Monday, June 23, 2008

Extending cut-and-paste: template paste

Imagine that the clipboard contained the name of a car part and the identifier for that part

     1) black steering wheel
     2) sw_bw07

and that the user wants to put them into a destination document with the name followed by the identifier in brackets, like:

     black steering wheel (sw_bw07)

Rather than just pasting those items in then adding the brackets around the identifier, you could use a template paste to specify you want to paste the first item followed by a space then the second item enclosed in brackets.

Effectively, you'd enter (where an underscore is used to represent a space)

     ctrl(+shift) v t #1_(#2)

the 't' says you want a template paste. Following the 't' is the specification of the template: paste the first item on the clipboard followed by a space, an opening bracket, the second item on the clipboard then a closing bracket.

If you break that up into the individual keystrokes, what the user actually types is

     ctrl(+shift) v t # 1 _ ( # 2 )

Because the '#' has a special meaning (used to refer to items on the clipboard), if you wanted to include a literal '#' in the text, you'd have to type '\#'.

With paste commands, if you don't specify a specific position on the clipboard the last position is assumed. So to template paste the item in the last clipboard position with brackets on either side of it, you could type

     ctrl(+shift) v t ( # )

That is, you can have an anonymous item reference. It is possible to have multiple anonymous item references. The idea behind how they are parsed is that the further right an item is on the clipboard, the more likely (it's assumed) it is to be more recently entered. And it's assumed you want to fill the '#'s in the template in the order they've been added (that is, from left to right, starting at the position such that the last item in the template is the last item in the clipboard).

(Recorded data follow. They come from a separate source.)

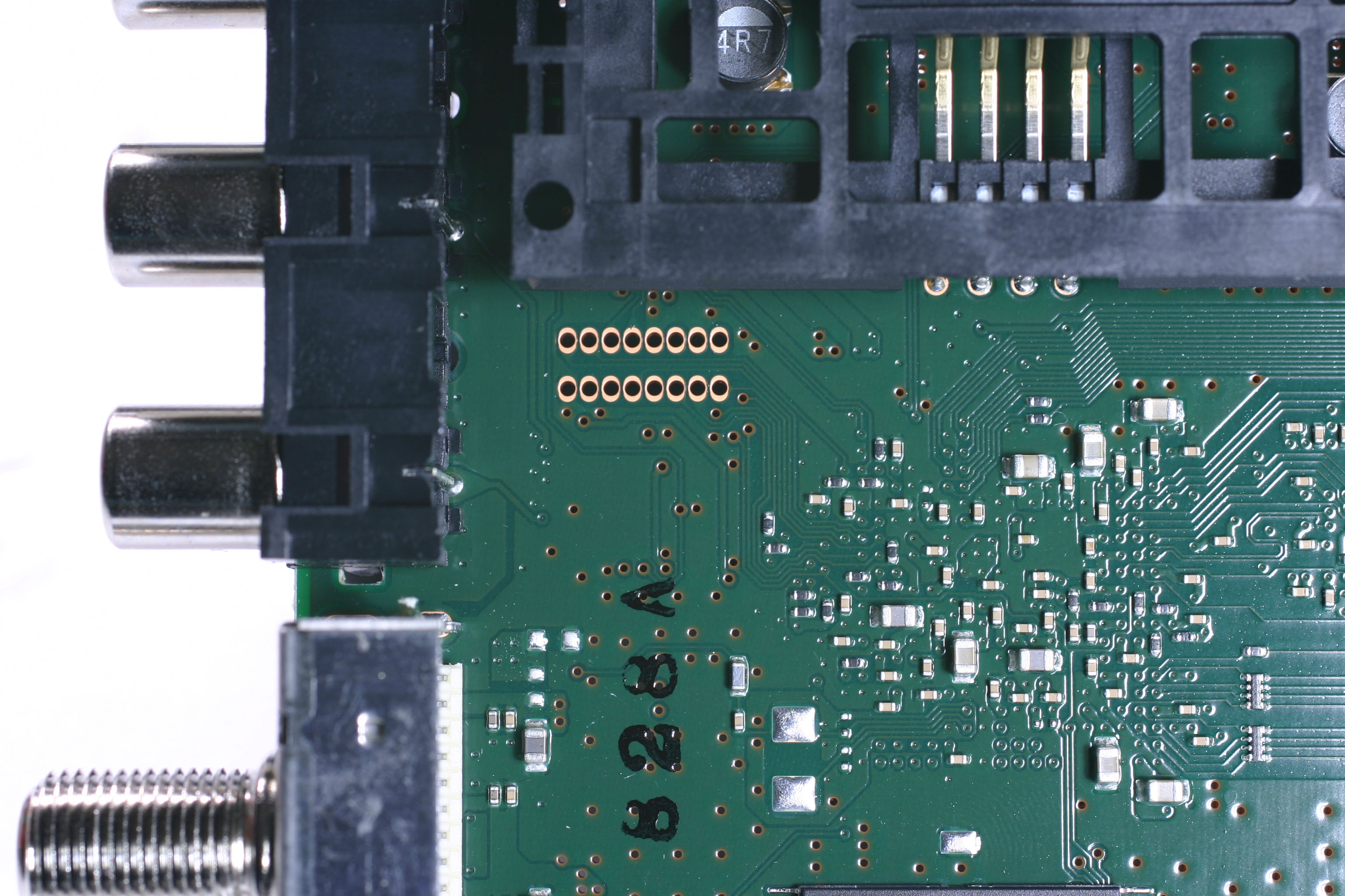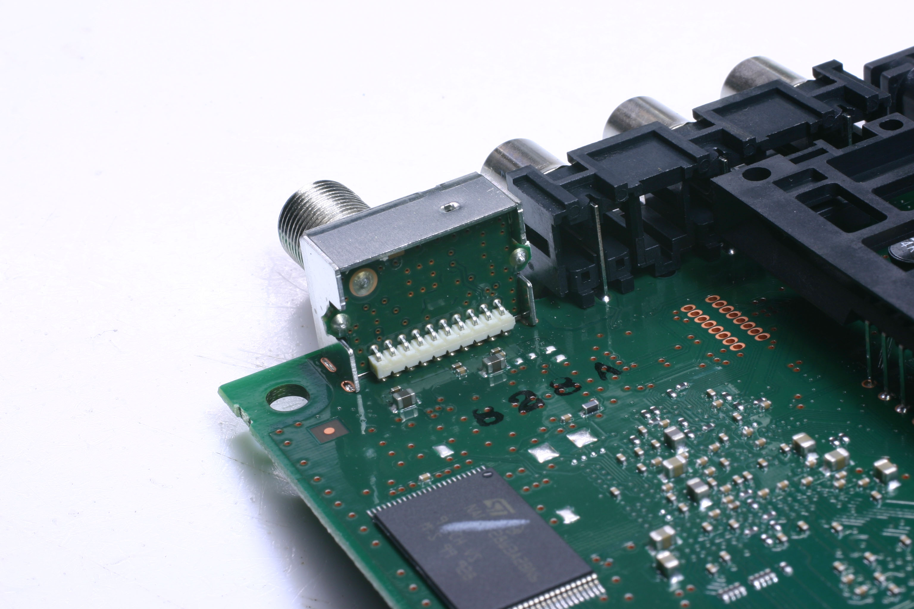 ・AEONの5,000円地デジチューナーチューナーモジュールがコネクタの根元に凝縮されている。 NECのカスタムワンチップで、中身何だか判らず。 V850のIPとか入ってるのだろか?中に拡張コネクタらしきものがあるが、HDMIや色信号が出ていたとしてもメニューから画面モードが480iから変更できないので、S-Videoくらいしか使えないかも。 これじゃネタにならんわ。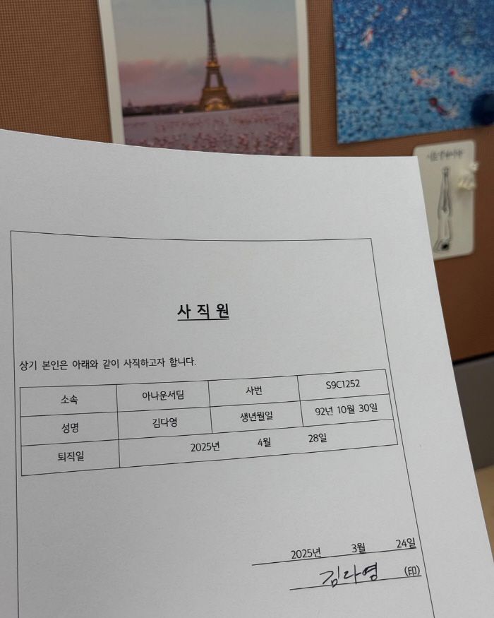 또한 이날 제출한 사직서도 공개, 퇴사와 함께 럽스타그램을 시작한 김다영이었다.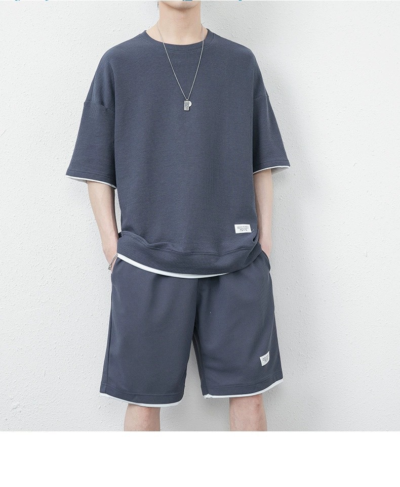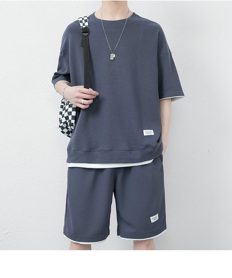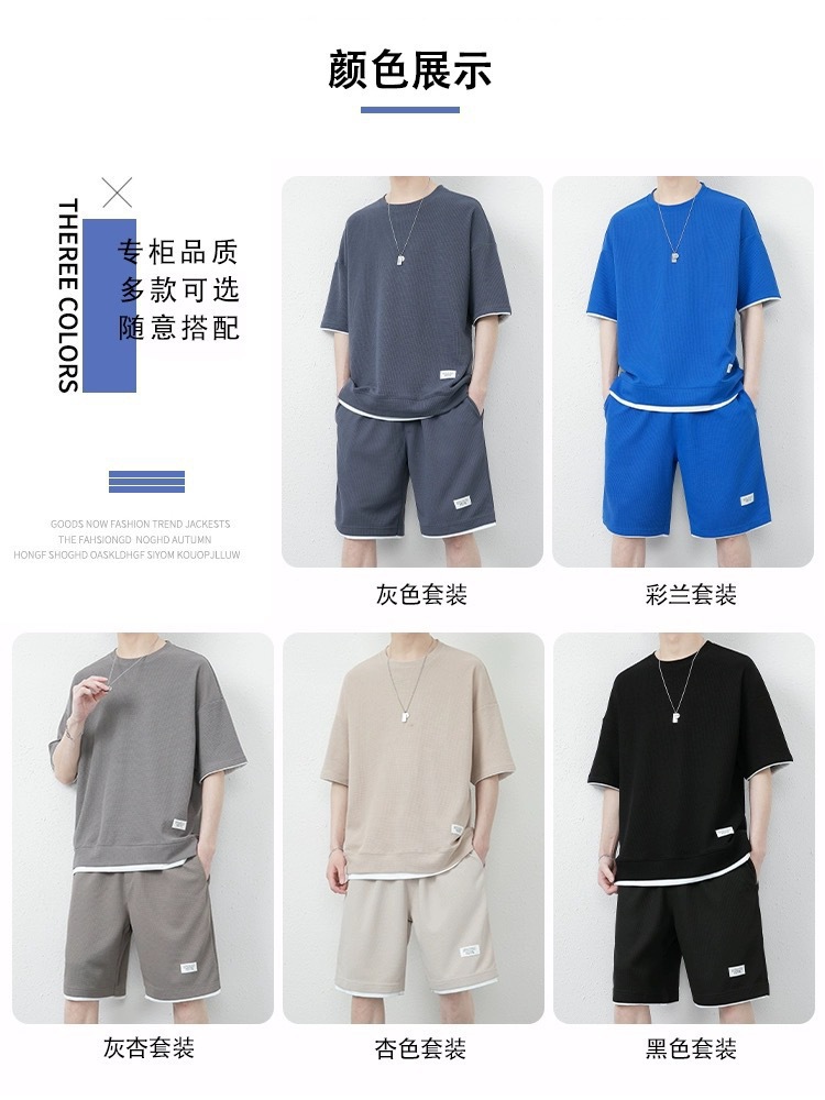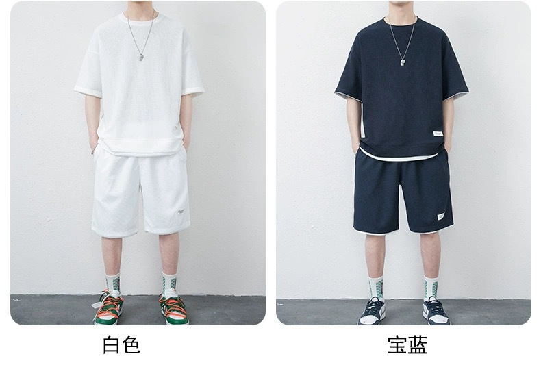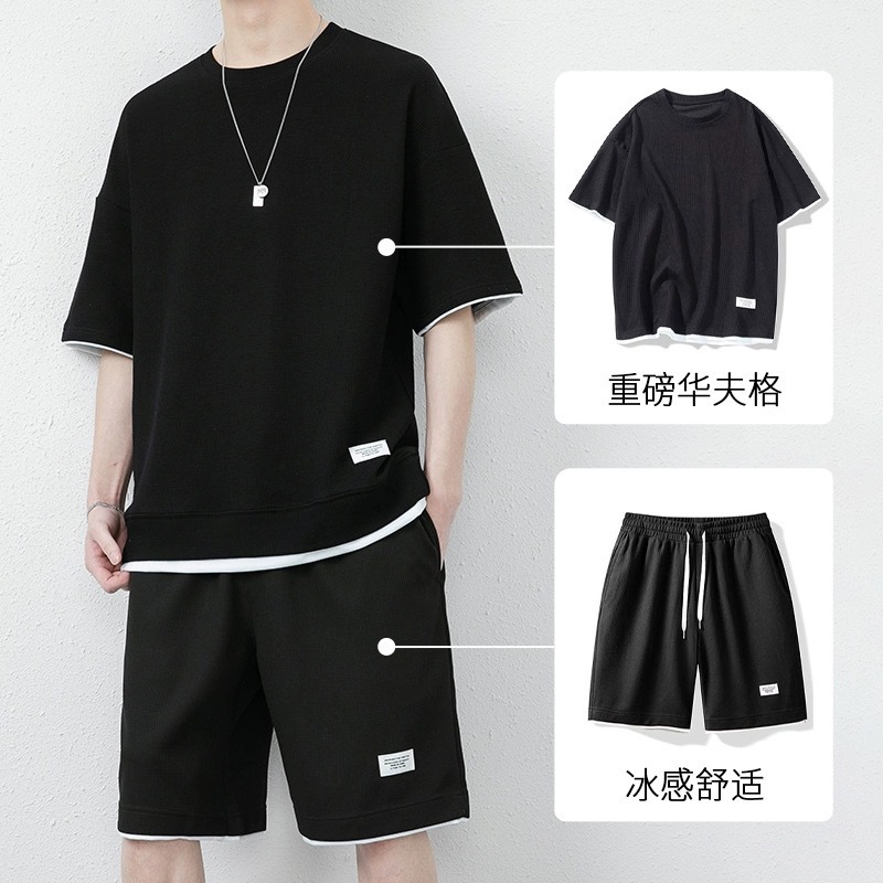 미국식 가짜 투피스 아이스 실크 와플 캐주얼 스포츠 세트 남자 여름 느슨한 플러스 사이즈 통기성 그룹 빌딩 클래스 의류스토어 가기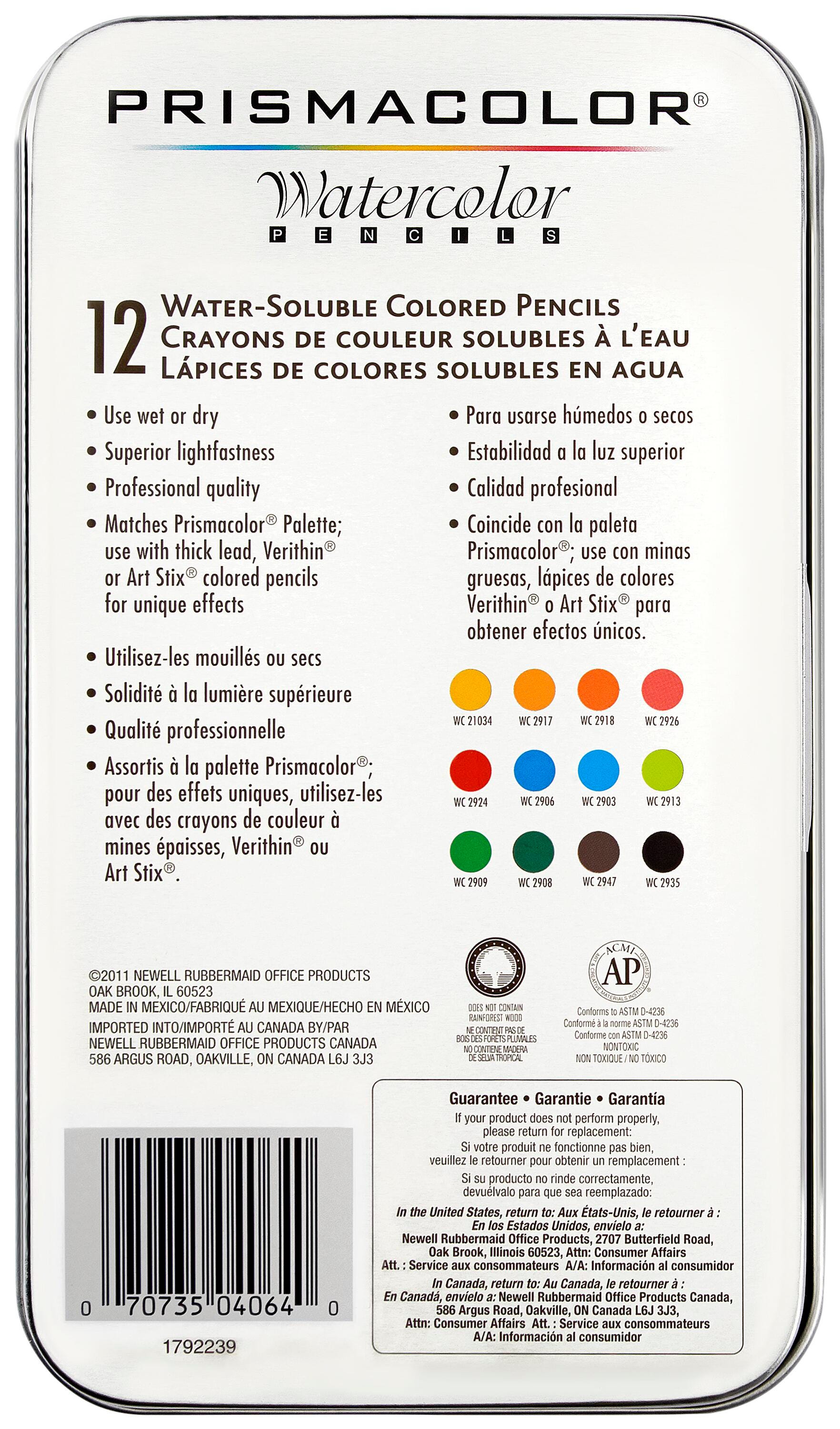 Prismacolor Premier Water Soluble Watercolor Pencils, Assorted Colors, Set of 12

So if you had four items on the clipboard and the last two were a part name and a part identifier, and you wanted to paste it like before with the part name followed by a space then the identifier in brackets, you could type

     ctrl(+shift) v t # _ ( # )

The rightmost # is taken as referring to the last item on the clipboard, and the next rightmost # the second last item on the clipboard, the third last # the third last item on the board, and so on. Just specifying the '#' items without explicitly specifying the positions is just a shortcut, and what I've outlined is just my current thinking about how that might best work.

What if the template refers to more items than are in the clipboard? The same principle applies. The missing items are still to be filled in, so they are "more recent". That means that if there are three items in the template

     ctrl(+shift) v t # , _ # ( # )

but only two in the clipboard

then the third template item is still to be filled on. The second item is taken as the second on the clipboard, and the first the first on the clipboard.

then since there are only two items it'd paste

     item1, item2 ()

Handling (the various cases of) anonymous references to clipboard items is really about shortcuts. What I've described is just my current thinking about what'd be the most convenient default behaviour. You'd really need experience with template pastes to see how it was.

I suspect you'd soon enough pick up the way these default cases work. With cut and paste you've got fairly immediate feedback and you can always undo things if it's not what you want.

(You might have picked up that you could implement the functionality of a join paste with a template paste. But I think that the join paste is such a common pattern that it makes sense to have a specific command for it).